A continuación, se considera la figura 1 que es una vista lateral en sección de una célula solar de contacto trasero interdigitada (IBC) de acuerdo con una realización de la invención. La célula incluye un sustrato monocristalino o policristalino con luz de tipo n 10 que tiene una superficie delantera que recibe la radiación y una superficie texturada sobre la que se forma una capa delgada (de por ejemplo 10-150 angstrom) de óxido de silicio con efecto túnel 12, con un recubrimiento de pasivación 14 sobre el óxido de efecto túnel 12 que puede comprender nitruro de silicio, carburo de silicio dopado o una capa de silicio amorfo dopado.
En la superficie trasera del sustrato 10 hay una capa de óxido segundo con efecto túnel 16 sobre la que se forman los contactos de silicio amorfo P+ 18. Un dieléctrico, tal como el óxido de silicio 20 separa el silicio amorfo P+ 18 del silicio amorfo N+ 22 que se forma en las aberturas a través de la capa de silicio amorfo P+ 18 y en contacto con el óxido de efecto túnel 16. Aunque las capas de silicio amorfo 18, 22 se forman por deposición de vapor a baja temperatura, el óxido de efecto túnel 16 evita cualquier recristalización del silicio amorfo por el crecimiento epitaxial del sustrato de silicio 10. El contacto metálico 24 se acopla a la capa de silicio amorfo P+ 18 y los contactos metálicos 26 se acoplan a las capas de silicio amorfo N+ 22.
La heterounión de contacto trasero mejora la pasivación trasera de la célula solar por la inclusión del óxido con efecto túnel 16, el campo de heterounión proporcionado por los contactos de silicio amorfo y la pasivación de los contactos. Como se describirá más adelante en el presente documento, un beneficio del proceso de fabricación del dispositivo es que no se requiere un sistema dopante de alta temperatura.
Las figuras 2A-2D son vistas en sección que ilustran la célula solar de la figura 1 durante su fabricación. Inicialmente, como se muestra en la figura 2A, el sustrato de silicio 10, que puede ser o bien intrínseco o estar ligeramente dopado, tiene un óxido con efecto túnel delgado 16 que ha crecido sobre el mismo, que puede tener un espesor de, por ejemplo, 10-20 angstrom. La capa de silicio amorfo 18 se deposita a continuación, con un dopante de boro y una concentración de dopante de 1020-1021 o 10E20 - 10E21 átomos por centímetro cúbico y un espesor de 500 a 2000 angstrom. El crecimiento de una capa de silicio dopado por deposición de vapor es un procesamiento del silicio conocido. La inclusión de una capa intrínseca debajo de la capa de silicio dopado de tipo p puede fabricarse si se desea una estructura PIN.

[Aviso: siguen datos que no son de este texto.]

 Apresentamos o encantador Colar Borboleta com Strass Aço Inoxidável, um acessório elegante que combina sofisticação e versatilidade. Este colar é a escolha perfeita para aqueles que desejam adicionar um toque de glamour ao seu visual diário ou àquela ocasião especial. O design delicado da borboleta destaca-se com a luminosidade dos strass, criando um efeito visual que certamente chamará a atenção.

Después, se deposita una capa aislante de óxido de silicio 20 por deposición química de vapor a baja presión (LPCVD, PECVD, APCVD), o por un proceso de giro sobre vidrio. La capa de óxido de silicio 16 es de 500 a 1000 angstrom en esta realización ilustrativa.

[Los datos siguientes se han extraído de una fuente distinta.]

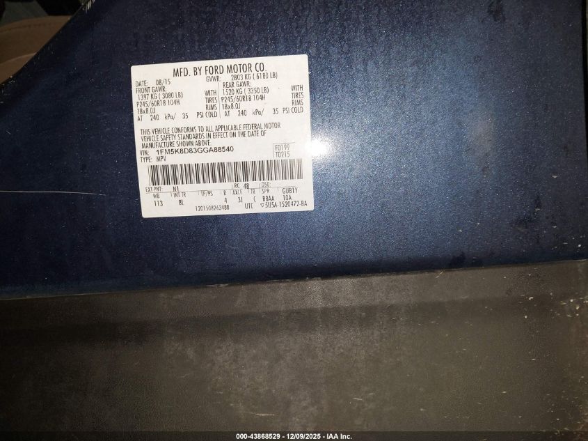 2016 FORD EXPLORER - 1FM5K8D83GGA88540, цвет - Синий, 3.5, Бензин, Полный привод из США

Después, como se ilustra en la figura 2B, la superficie delantera del sustrato 10 se texturiza mediante abrasión química o mecánica. Esta etapa del proceso puede preceder a las etapas del proceso de la figura 2A, si se desea. A continuación, se forma una máscara fotorresistente sobre la superficie trasera del sustrato 10 y se graba químicamente para formar aberturas a través de la capa de óxido de silicio 20 y silicio amorfo 18 al sustrato 10. El óxido con efecto túnel delgado también se elimina en el proceso de grabado químico y a continuación se aplica una nueva capa del óxido de silicio con efecto túnel en la superficie expuesta del sustrato 10 a través de las aberturas grabadas por crecimiento químico. En la formación del óxido con efecto túnel 16 de la figura 2B, la capa de óxido con efecto túnel 12 puede formarse simultáneamente en la superficie delantera. Tras el crecimiento del óxido con efecto túnel delgado en las aberturas grabadas químicamente, de nuevo hasta un espesor de 10-20 angstrom, se deposita una capa de silicio amorfo dopado N+ 22 sobre la superficie trasera, como se muestra en la figura 2C. La capa 22 se dopa con un dopante N, tal como fósforo con una concentración de 1020-1021 o 10E20-10E21 átomos por centímetro cúbico. Este puede depositarse usando una deposición química de vapor mejorada con plasma (PECVD, LPCVD, APCVD). A continuación, se enmascara el silicio amorfo N+ 22 y se graba químicamente de forma selectiva para exponer el silicio amorfo P+ 18 subyacente para recibir los contactos metálicos. En la figura 2D, los contactos metálicos 24 y 26 se fabrican para el silicio amorfo P+ 18 y para el silicio amorfo N+ 22 por deposición de metal, enmascaramiento fotorresistente y grabado químico. Los contactos pueden formarse dispersando primero una capa de semillas de un metal conductor, como aluminio o cobre y colocando a continuación el metal semilla en una placa con el patrón para aumentar el espesor. La célula se completa a continuación depositando una capa de pasivación 14 sobre el óxido con efecto túnel 12 en la superficie delantera del sustrato 10 usando nitruro de silicio, carburo de silicio dopado o silicio amorfo dopado N+.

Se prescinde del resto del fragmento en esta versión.